“Tea-baggers”, Little Rock, AR, 1959

Library of Congress/U.S. News & World Repots, via Wikimedia

          No comment necessary. (Hat tip, Andrew Sullivan.)

9 responses to ““Tea-baggers”, Little Rock, AR, 1959

  1. What does that picture have to do with those who are attending tea parties today?

  2. The language of the signage, i.e., the accusations of “communism” and the “anti-christ” are not just eerily similar, but virtually identical to many of the most popular anti-government and anti-Obama signage and language displayed at today’s tea parties, and especially the recent rally in Washington.

    Interesting, too, that the object of scorn in the 1959 protests was “race mixing,” and that the President is the embodiment of “race mixing,” no?

  3. If you’re trying to imply that those involved in Tea Parties because they disagree with socialism and are finally standing up for their beliefs are only doing this based on the race of the current POTUS, then I don’t have anything else to say to you. You’re no better than anyone else claiming that all of this is happening because anyone who disagrees with this administration is a racist. I can assure you, racism has nothing to do with socialism.
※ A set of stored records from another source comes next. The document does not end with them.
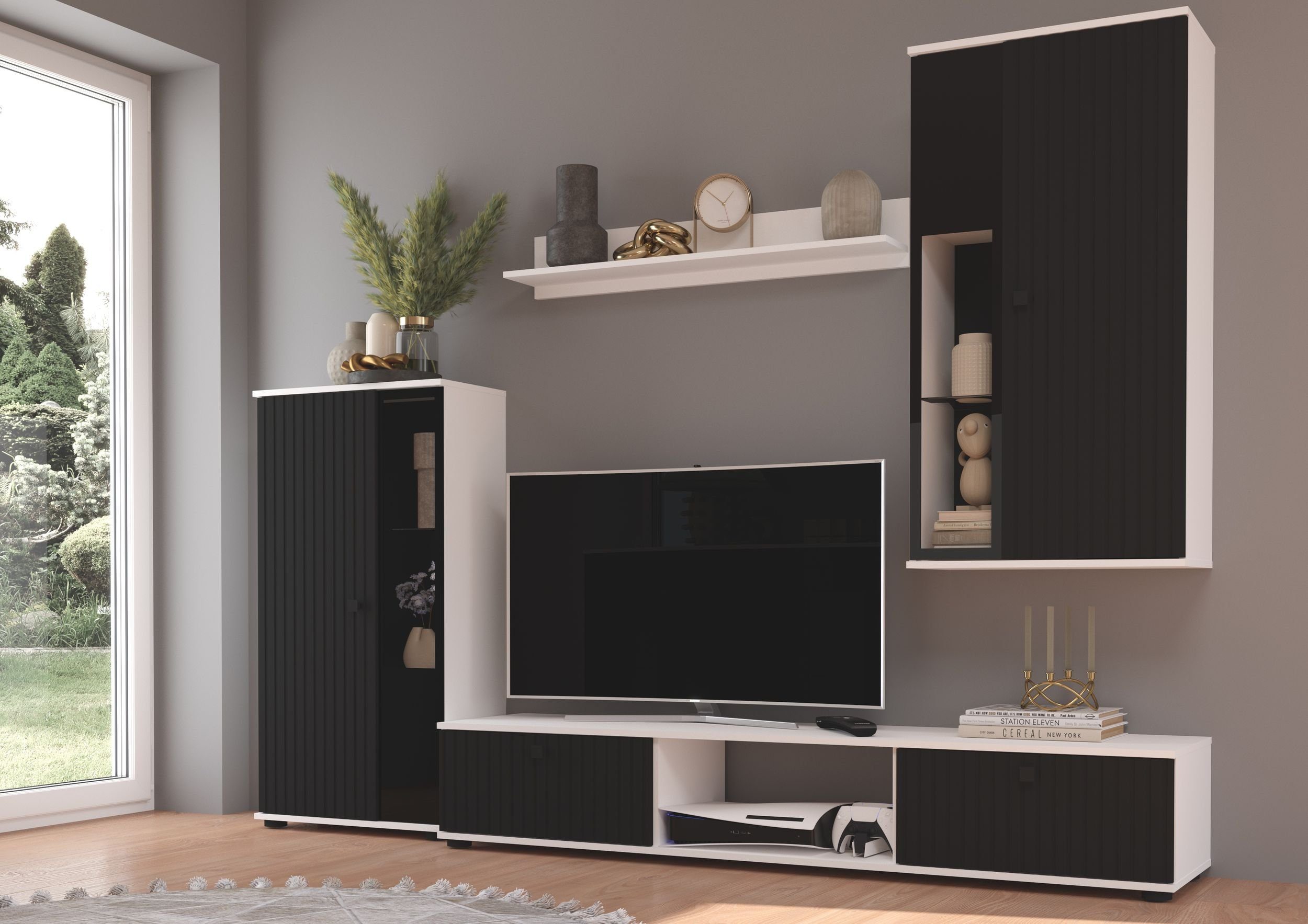 Sie erhalten die Wohnwand Salsa ohne Dekoration, ohne elektrische Geräte und ohne Beleuchtung.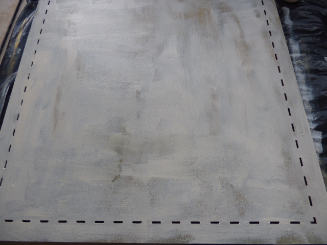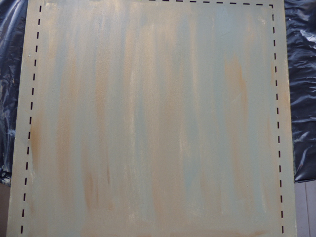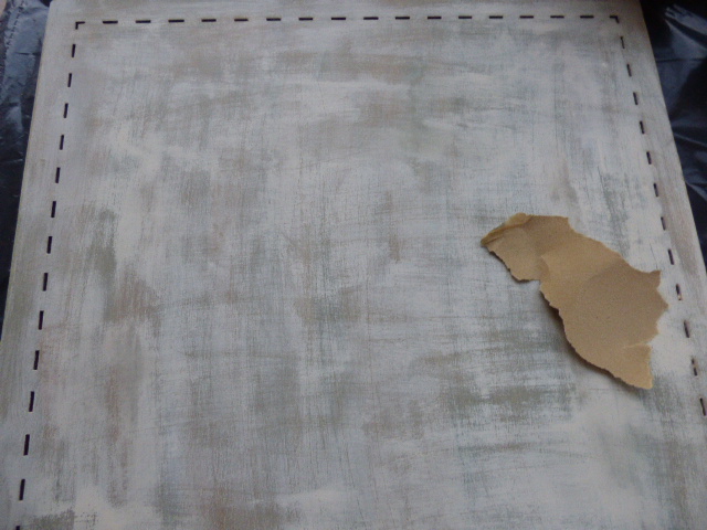 Después le doy a todo una pasadita de color blanco roto, el tono jazmin, a pincel muy, muy seco y con pinceladas, tanto en vertical, como horizontal.
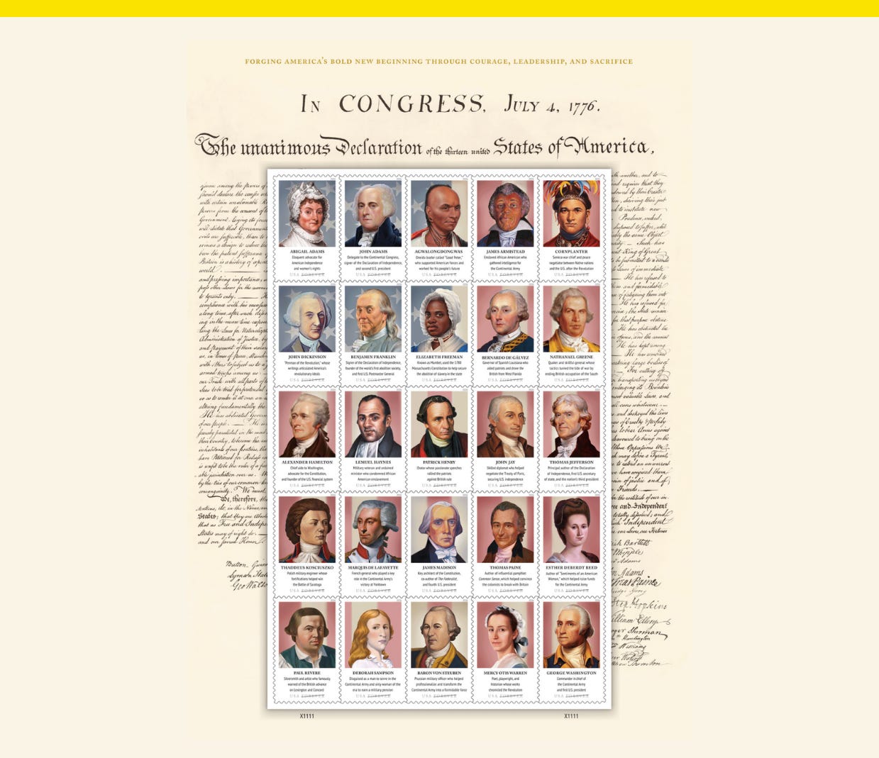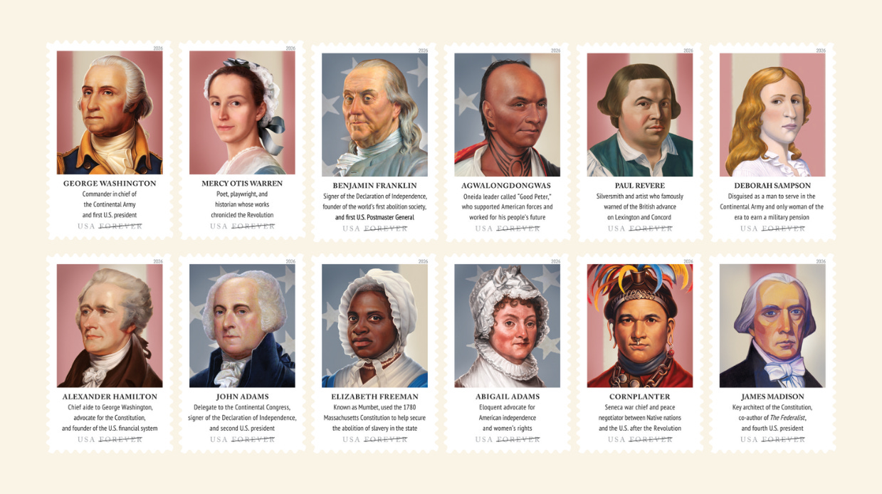 The Postal Service says the Figures of the American Revolution stamps represent “a range of roles and perspectives, from political thinkers and military leaders to writers, diplomats and everyday citizens,” and these figures were chosen to “reflect the collective effort that defined the Revolution.”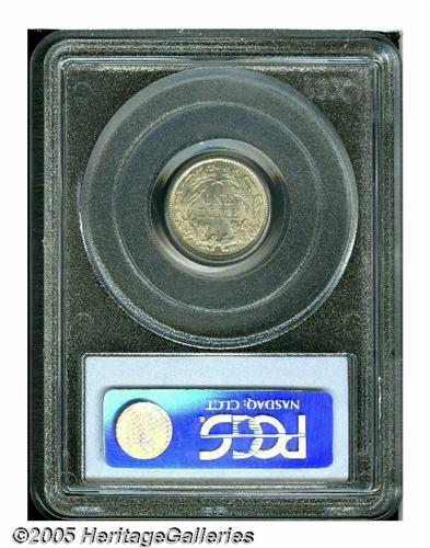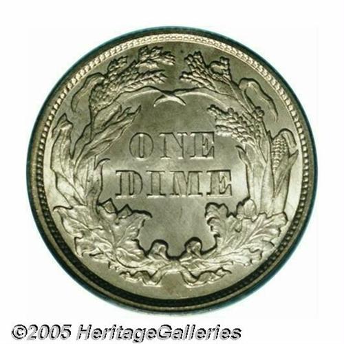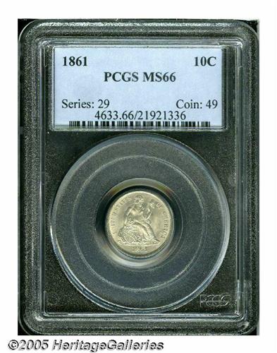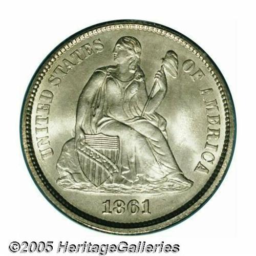 <B>1861<10C> MS66 PCGS.</B></I> This Civil War issue has bright, lustrous silver-gray surfaces that exhibit sharply struck design elements, and are impeccably preserved. Just a few minor marks occur on Liberty's left breast. This piece generates considerable overall eye appeal. As of March 2005, PCGS and NGC combined have certified just 14 examples, and one finer. Population: 4 in 66, 0 finer (3/05).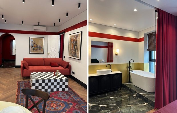 Шторы вместо фасадов, ванна в спальне у окна, фартук из алюкобонда Дизайнер и архитектор Сабина Неровня создала яркий и комфортный интерьер для молодой семьи с ребенком. Она использовала яркие цвета и нестандартные решения в отделке, превратив обычную новостройку в смелый арт-объект. Трехкомнатная квартира находится в московской новостройке недалеко от Павелецкой площади. В ней достаточно пространства для удобной жизни: есть кухня-гостиная, спальня и детская комната. Также предусмотрены гардеробная и прихожая, а два санузла делают повседневный быт более комфортными. На полу в жилых комнатах уложен кварцевый паркет с приятной фактурой дерева. Стены окрашены в белый цвет — он визуально расширяет пространство и придает ему легкость. Малиновый кант по периметру комнат добавляет яркий акцент и задает настроение всему интерьеру. Черные плинтусы перекликаются с черными наличниками межкомнатных дверей, создавая гармоничное сочетание с остальными элементами. Кухня совмещена с гостиной, поэтому

  4. What I’m trying to say is that the current assertion that we are confronted with “socialism” and the “anti-Christ” is as much a canard as it was in 1959.

    In 1959:

    “Race mixing” = “communism”
    “Race mixing” = “march of the anti-Christ”

    In 2009:

    Health care reform or the income tax = “communism” (or “fascism” or “socialism”; used generally interchangeably and inaccurately)
    Barack Obama = “the anti-Christ”

    You’re looking at the wrong side of the equation. What’s common to the two groups is not what they’re protesting, but the language they use to frame their protests.

    The common language, in my view, belies a common political ideology.
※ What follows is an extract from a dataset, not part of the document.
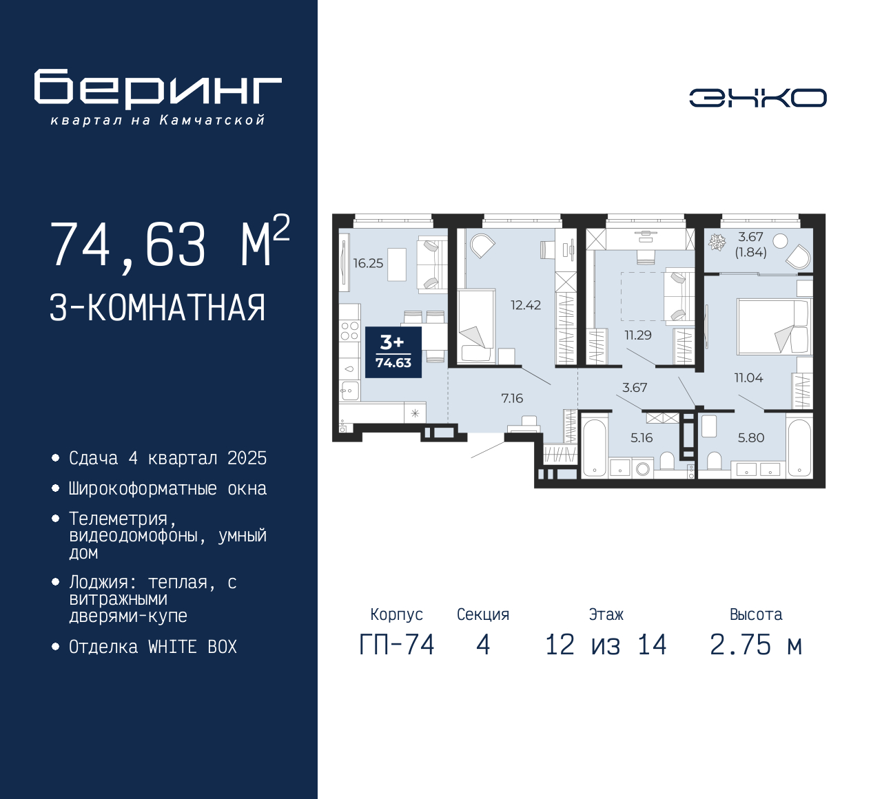 3-комн. квартира в ЖК "Беринг" на 12 этаже. Квартира без отделки, полностью готова к чистовой отделке и дальнейшему ремонту. Общая площадь: 74.63 кв.м., жилая: 34.75 кв.м., площадь просторной кухни-столовой: 16.25 кв.м. Комнаты изолированные, все окна выходят на одну сторону. В квартире одна лоджия, два совмещенных санузла. Высота потолков 2.75 м. Дом монолитный, многоподъездный, переменной этажности, от 9 до 21 этажей. Квартира находится в 4-й секции высотой 14 этажей в корпусе ГП-74. На этаже 7 квартир. В подъезде 1 пассажирский и 1 грузовой лифт. Окончание строительства - 4 квартал 2025 года. Оформление сделки по договору долевого участия. Подобно знаменитому исследователю, мы чувствуем себя первооткрывателями этой локации. Хотим показать новую суть места, сформировать для вас жизненный опыт, которого ещё не было. Беринг — район зелёного цвета. Беринг — район, который откроется вам с другой стороны. Впечатлит новым уровнем комфорта и качеством жизни. Беринг — открытие на карте города. Первый квартал расположен в районе Тура, в границах улиц: Камчатская – Западносибирская – Энтузиастов. Вокруг уже есть всё для того, чтобы ежедневная рутина была лишь частью жизни и не доставляла дискомфорта. Школы и детские сады, магазины и аптеки, поликлиника, места для семейного отдыха, пеших и велопрогулок, и даже рыбалки. Масштабное озеленение дворов — визитная карточка ЭНКО и ваш оазис спокойствия, чтобы отвлечься от повседневности. Раскидистые деревья, кустарники, травы и цветы — осталось остановиться, вдохнуть и расслабиться, глядя на эту природную красоту. Стилистика подъездов продолжает концепцию Беринга, вдохновлённого Камчаткой: сдержанный, но при этом впечатляющий дизайн соседствует с удобством и функциональностью. (AQID02317146)

  5. “tea-bagger” is an inappropriate term.
    Guilt by photo- association.

    People are concerned at the crazy bailout of banks, auto plants, and Government supplied healthcare. Name calling is a cheap AD HOMINEM attack and does not address the issues.

  6. But “the folk” who came to Washington don’t carry signs saying, “No bank bailout.” They carry signs saying ‘communist,’ ‘socialist,’ ‘fascist” and ‘anti-Christ’. If name-calling is an ad hominem attack, where is the guilty party?

    And for what it’s worth, the rhetoric at these rallies — not at the fringes, but at their core — is classic Bircher/Father Coughlin/Timothy McVeigh crap. A guy brings a gun to a Presidential appearance, wearing a shirt that is an homage to Timothy McVeigh masquerading as an homage to Jefferson (yeah, right!), and you want me to believe it’s all about a marginal tax income increase? And not one — not one! — Congressional Republican denounces the action publicly. Well, we all know, “General Betray-Us” was an infinitely more sinister expression, eh?

  7. So, get to the point. You’re trying to say that everyone who disagrees with this administration is a racist, right? Let’s just make it clear. Oh, and why must you call them “folk” who came to DC? Why can’t you just say the “people” who came to DC? And BO is a socialist. There’s really no arguing that fact.

  8. 1. No. What I’m saying is that there is a consistent strand of reactionary political sentiment in this country which is always yelling “communist” or “socialist” or “anti-christ,” regardless of the political issue or characters at hand.

    2. I don’t think George Will’s criticisms from the right, or Paul Krugman’s criticisms from the left, are racist in any way. I think people who publicly and proudly display photoshop mashups of the President as a witch doctor, or sing “Barack the Magic Negro” on the radio, are probably racists, but I wouldn’t know for a fact, not knowing them personally.

    3. Marginally increasing the federal income tax and capital gains taxes really doesn’t constitute socialism. To insist otherwise is not to assert a “fact,” but rather to demagogue the entire, essentially liberal, American system of capitalism. We don’t live in a world of beaver fur traders anymore, you know; things are more complicated than that. Some people can get their head around the concept and compexities of “advanced capitalism” and, I suppose, others just can’t.

  9. There are plenty on the left who call those with whom they disagree Nazis and Racists.

    The famous Joker/Socialism poster offers very biting social commentary in an creative artistic format. GW Bush had been painted as a Joker as well in magazine commentaries. No-one complained about the implications of that.

    May I remind you, dear reader, the protesters in Washington were excising their constitutionally guaranteed rights of assembly, freedom of speech, and petition of government over grievances.

    Many on the Left went nuts over the Duke University LaCrosse “rape” case, yet many want to pardon Roman Polanski.